Problem
The full listing, minus its pictures, should be printed again exactly as it stands.

(Exercise data begins)

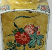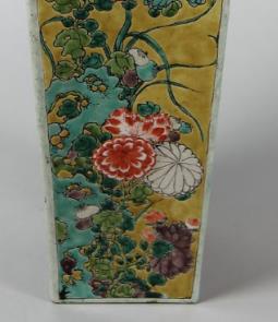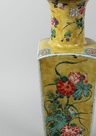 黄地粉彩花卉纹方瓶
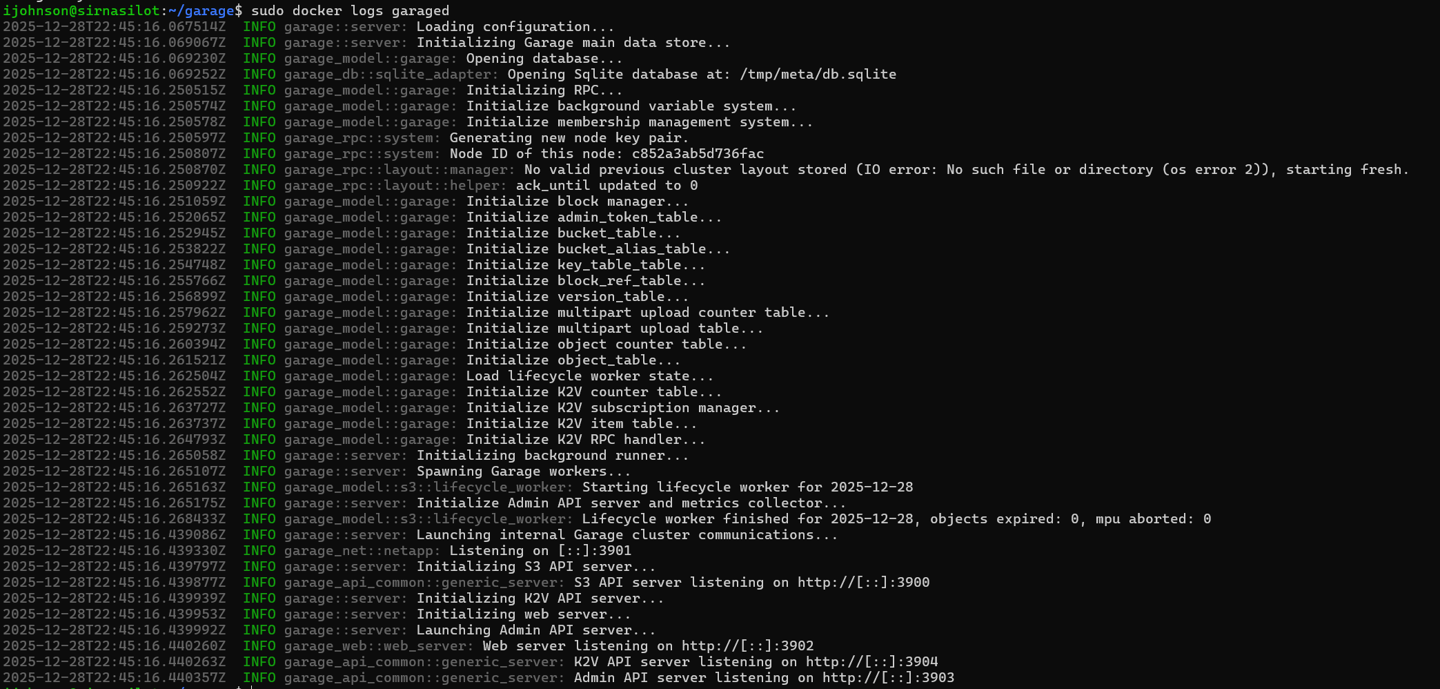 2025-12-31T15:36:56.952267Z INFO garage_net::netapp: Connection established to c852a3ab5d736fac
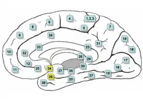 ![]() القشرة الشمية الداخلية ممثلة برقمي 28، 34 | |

(Exercise data ends)

Answer to this task
 黄地粉彩花卉纹方瓶
 2025-12-31T15:36:56.952267Z INFO garage_net::netapp: Connection established to c852a3ab5d736fac
 ![]() القشرة الشمية الداخلية ممثلة برقمي 28، 34 | |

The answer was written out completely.